The attorney-client privilege is an old and well-known evidentiary privilege. It fosters candor between attorney and client, protects confidential information from being revealed to others, and ensures that the attorney can render accurate and competent legal advice. On occasion, the privilege extends to third parties. For instance, the “common interest doctrine” may protect communications between business entities with common interests in a lawsuit. A recent decision from Manhattan Commercial Division Justice Robert R. Reed, West 87 LP v. Paul Hastings LLP, exemplifies how instrumental the doctrine can be in commercial practice.

Background

The attorney-client privilege, codified in CPLR § 4503(a), protects certain communications between attorney and client. New York recognizes by statute three categories of privileged materials: privileged matter, attorney work product, and trial-preparation materials (CPLR 3101[b], [c], [d]). Privileged matter includes confidential communications between an attorney and client made to obtain or provide legal advice. Attorney work product and trial-preparation materials include materials prepared by an attorney that contain legal analysis or strategy, along with statements made prior to and during litigation. The party asserting the privilege must establish entitlement to it and show that confidentiality has not been waived.

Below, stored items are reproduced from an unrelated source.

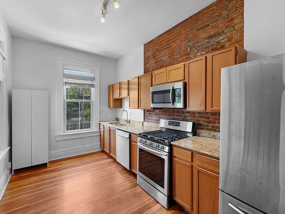 Updated kitchen with gas stove and stainless steel appliance package, in-unit laundry, wood flooring throughout, large living room big enough for a sectional couch, bedrooms have exposed brick, and backyard perfect for pets.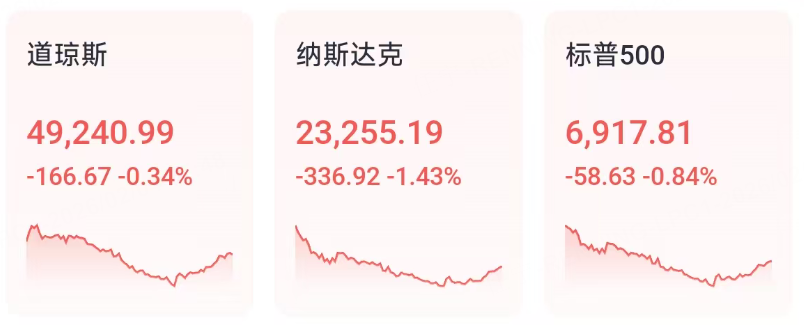 2月3日周三,美股三大指数集体收低。截至收盘,道琼斯跌0.34%,报49240.99点;标普500跌0.84%,报6917.81点;纳斯达克综合指数跌1.43%,报23255.19点。大型科技股多数走弱,市场关注业绩与指引分化对估值的影响。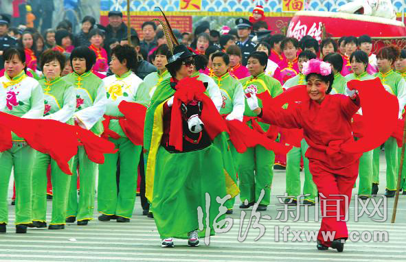 看完了鑼鼓,伴隨著喜慶的旋律,段店秧歌表演隊(duì)緩緩進(jìn)入會(huì)場。她們紅綢飄飄,彩扇翻飛,展示了當(dāng)代農(nóng)民的質(zhì)樸和善良,舞出了農(nóng)民開拓創(chuàng)新、拼搏進(jìn)取的決心和信心。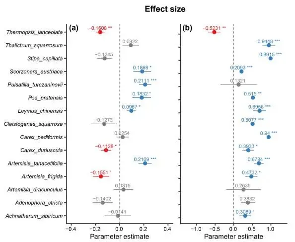 图4. 豆科植物恢复对15个常见物种补偿性生长率(a)和叶氮含量(b)的影响。效应大小表示为线性混合效应模型的标准化固定效应值。效应值以参数估计值±标准误表示。蓝色表示显著正效应,红色表示显著负效应,灰色表示无显著效应。星号(*)表示LRG与NRG之间的显著性差异:° p < 0.1, * p < 0.05, ** p < 0.01, *** p < 0.001。

In general, communications between an attorney and client lose their confidential status if they are made in the presence of, or subsequently disclosed to, a third party. For example, the presence of a client’s friend or relative at an attorney-client meeting could potentially waive the privilege, as could sending an email to someone summarizing the attorney’s advice.

The common-interest doctrine carves out an exception to this rule. Under this doctrine, attorney-client communications disclosed to a third party remain privileged if that party shares a common legal interest in pending or anticipated litigation. This exception ultimately prevented the disclosure of communications between a limited liability company and its part owner in West 87 LP v. Paul Hastings LLP.

Analysis

In West 87 LP v. Paul Hastings LLP, the plaintiffs—a group of limited liability companies with various interests in a real-estate development project—sued defendant Paul Hastings LLP for legal malpractice. Defendant had represented plaintiffs in the execution of lease agreements for the project, and plaintiffs claimed that defendant failed to properly draft a rent-escalation clause in a lease for the development.

During discovery, plaintiffs produced documents that contained communications between themselves and one of their owners, Quadrum Global, who was not a party to the litigation. Plaintiffs moved for a protective order to shield from disclosure several communications between themselves and Quadrum, which they claimed were privileged. The withheld documents included communications conveying information provided by outside legal counsel, information obtained from outside legal counsel to evaluate claims against defendant, communications about drafting the malpractice complaint, discussions about prior and anticipated legal advice, and requests for legal advice relevant to the litigation.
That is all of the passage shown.